Perdas estimadas de maio/19 a dezembro/21 

Índice Maio/19 a dez/21
IPC-FIPE 20,35%
IPCA 18,38%
INPC 19,63%
  • Negociação imediata de um plano de reposição para zerar as perdas restantes, relativas ao período de maio/2012 a abril/2022, com a perspectiva de concluir a discussão deste plano ainda na data-base de 2022; e da valorização dos níveis iniciais das carreiras, com base nas propostas do Fórum das Seis.

O ofício cobra o agendamento, ainda em dezembro, de uma primeira reunião entre as partes para discutir estas reivindicações. O ofício também cita a necessidade de discussão democrática sobre o retorno presencial nas universidades. Por fim, pleiteia a discussão sobre a contagem dos tempos congelados pela LC 173 (para aquisição de quinquênio, sexta-parte, licença-prêmio e progressões na carreira), como informado em matéria específica neste boletim.

Mobilização

As assembleias de base também foram unânimes em indicar a necessidade de mobilização, com atos presenciais e outras manifestações, já em janeiro. O Fórum das Seis voltará a se reunir para definir datas e atividades a serem organizadas. Fique atento/a às divulgações da sua entidade sindical!

BASTA DE ENROLAÇÃO E DE FALTA DE RESPEITO ÀS CATEGORIAS E A COMPROMISSOS ASSUMIDOS!

Queremos discutir nossas reivindicações e o retorno presencial seguro. Cadê o diálogo democrático, senhores reitores?

A situação na Unesp

Em maio/2016 e em maio/2019, a Unesp não honrou os índices concedidos pelo Cruesp, respectivamente 3% e 2,2%, implodindo uma política de isonomia de reajustes vigente desde o início das negociações com o Fórum das Seis.

No caso dos 2,2%, foram pagos somente em abril/2020. Em relação aos 3%, após sucessivas cobranças, ignoradas pelas gestões anteriores, a atual reitoria da Unesp informa que os aplicará a partir de janeiro de 2022 e que reconhece a existência de um passivo referente aos retroativos. De acordo com cálculos da Adunesp e do Sintunesp, o prejuízo causado pelo calote de maio/2016 até hoje corresponde a uma perda em torno de 2,7 salários atuais para cada servidor/a técnico-administrativo/a e docente. O pagamento destes retroativos não pode ser esquecido e vem sendo objeto de discussão dos sindicatos com a reitoria.

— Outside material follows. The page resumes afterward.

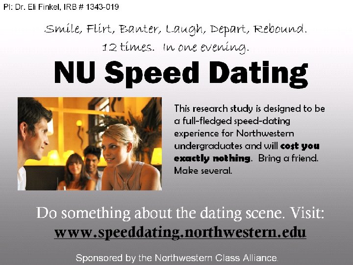 Method – Speed-dating o o o 163 Northwestern undergraduates Completed a 30 -minute background questionnaire online prior to the event Met 9 -13 opposite sex individuals for 4 minutes each n o Completed a ~2 minute questionnaire after each date After returning home, participants “yes” or “no” the other participants online n “Matches” can email one another through web portal

Fórum das Seis quer debater com Cruesp situação do tempo congelado pela LC 173/2020

A lei complementar (LC) 173/2021, aprovada pelo Congresso Nacional a pedido do governo Bolsonaro em maio/2020, com o objetivo de regulamentar a ajuda federal a estados e municípios em meio à pandemia de Covid-19, embutiu um conjunto de ataques ao funcionalismo público. Essa lei, além de determinar o “congelamento” da contagem do tempo de serviço para a concessão de anuênios, triênios, quinquênios, licenças-prêmio e demais mecanismos equivalentes, impôs – segundo a interpretação das AJs das reitorias – a proibição de reajustes salariais e contratações no período de 28/5/2020 a 31/12/2021, o que acabou se concretizando, apesar da luta do Fórum das Seis para que os salários fossem corrigidos.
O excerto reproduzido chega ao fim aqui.